Alors que beaucoup d’entreprises développent des systèmes de propulsion électrique ayant recours à du xénon en guise de carburant, ThrustMe a fait le choix de l’iode. « Elle peut être stockée à l’état solide et ne nécessite pas de système de stockage complexe et coûteux à haute pression comme les carburants traditionnels (exemple : le xénon), indique l’entreprise dans un communiqué. Cela signifie également que le système de propulsion peut être livré avec le plein, ce qui simplifie grandement l’intégration et les tests. » ThrustMe affirme également que l’iode est moins chère à produire que le xénon, et donc plus simple à fournir dans de grandes quantités.

Le moteur ionique de ThrustMe est bâti sur une architecture dite « à grilles ». Chauffée, l'iode passe de l'état solide dans lequel elle est stockée à l'état gazeux. Le gaz est alors emmené dans une chambre dans laquelle sont accélérés des électrons. Ceux-ci-frappent les atomes d'iode qui perdent un électron et s'ionisent. Des grilles situées en sortie du propulseur créent un champ électrique qui accélère les ions. Ceux-ci sont propulsés en dehors du moteur et créent une poussée.

Du moteur à gaz froid au moteur ionique

ThrustMe avait déjà équipé le satellite Xiaoxiang 1(08) de Spacety lancé l’année dernière lors d’un vol de démonstration. Mais le propulseur testé n’était pas un moteur ionique. Il s’agissait d’un propulseur à gaz froid I2T5 de ThrustMe. Le principe : un système électrique chauffant sublime l’iode qui est projeté hors d'une tuyère, générant ainsi la poussée qui permet au satellite de manœuvrer.

« L’année dernière, nous avons testé des technologies critiques pour le stockage, la distribution et la sublimation de l’iode (…), précise l’entreprise dans un communiqué. Cette fois, nous allons tester les pleines capacités de notre système de propulsion électrique NPT30-I2 et réaliser des manœuvres orbitales avancées. »

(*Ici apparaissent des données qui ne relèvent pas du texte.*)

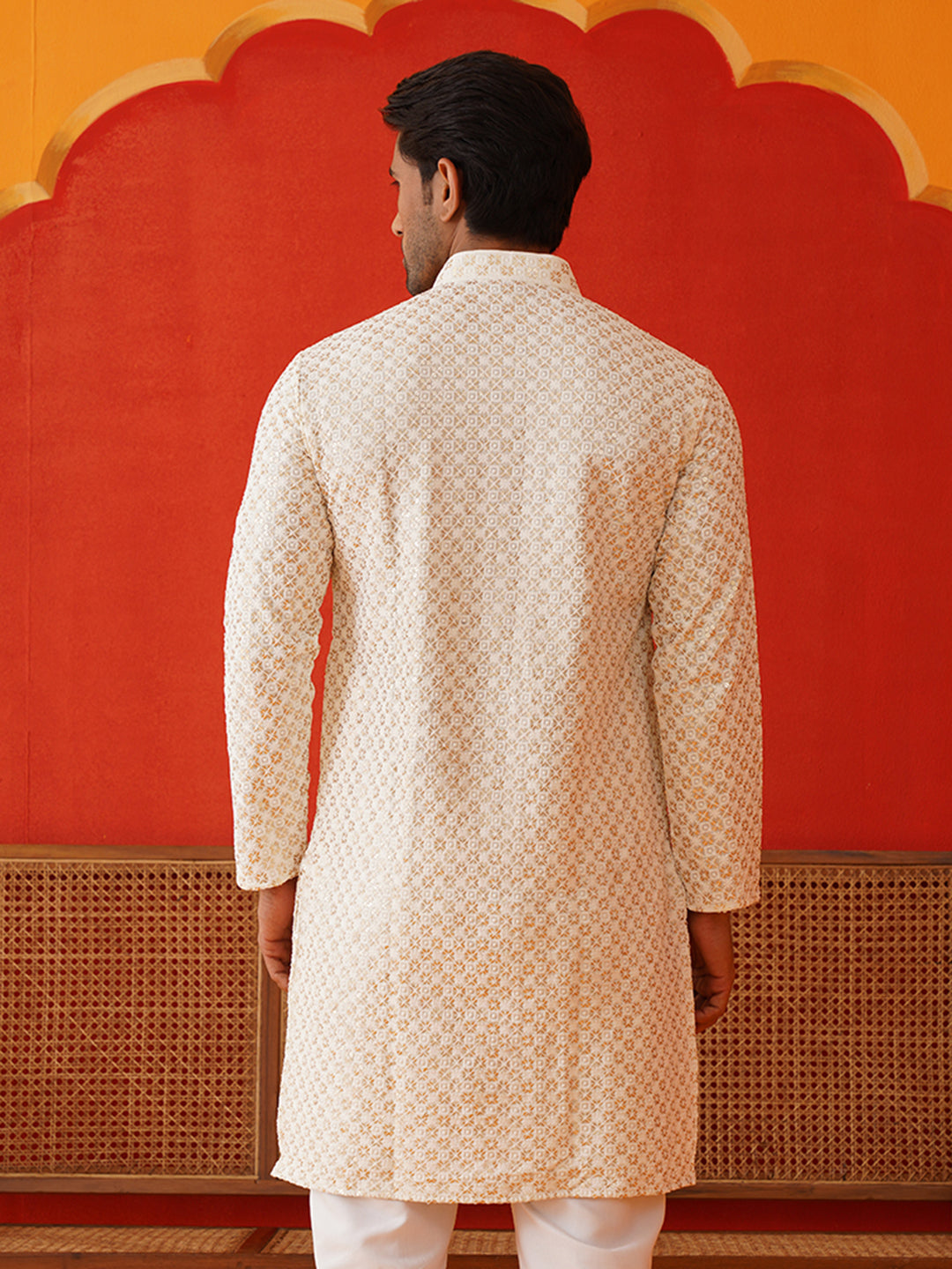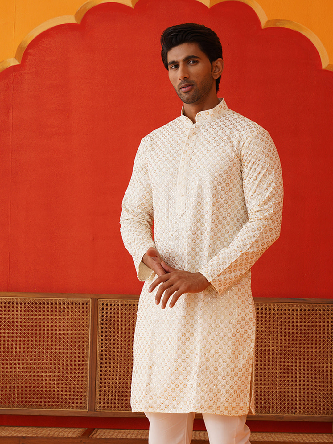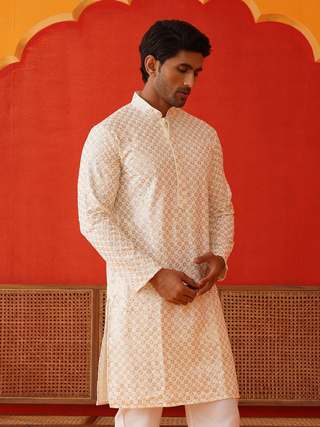 Sequins & Embroidered Kurtas For Men ( KKO 5128Cream )

Après ce vol de démonstration, les entreprises entendent poursuivre une collaboration commerciale. Spacety indique avoir « déjà commandé plusieurs » moteurs ioniques NPT30-I2 de ThrustMe pour équiper sa future constellation Synthetic Aperture Radar (SAR) dont le déploiement en orbite devrait démarrer en cette fin année. Grâce à des antennes radar, le but de SAR est de créer des reconstructions en 2D et 3D de paysages ou de villes.

Exotrail rejoint ThrustMe en orbite

Cette mise en orbite du satellite de Spacety équipé du moteur ionique de ThrustMe a précédé d'un jour celle du satellite de Nanoavionics - fabricant lituanien de nano-satellites -, équipé d'un moteur ionique fourni par Exotrail, une autre start-up française. Celle-ci avait livré son propulseur ionique en septembre 2019. Initialement prévu en novembre 2019 à bord d’un lanceur indien PSLV, le lancement a été repoussé à fin mars 2020, puis ultérieurement. Il est finalement parti le 7 novembre dernier.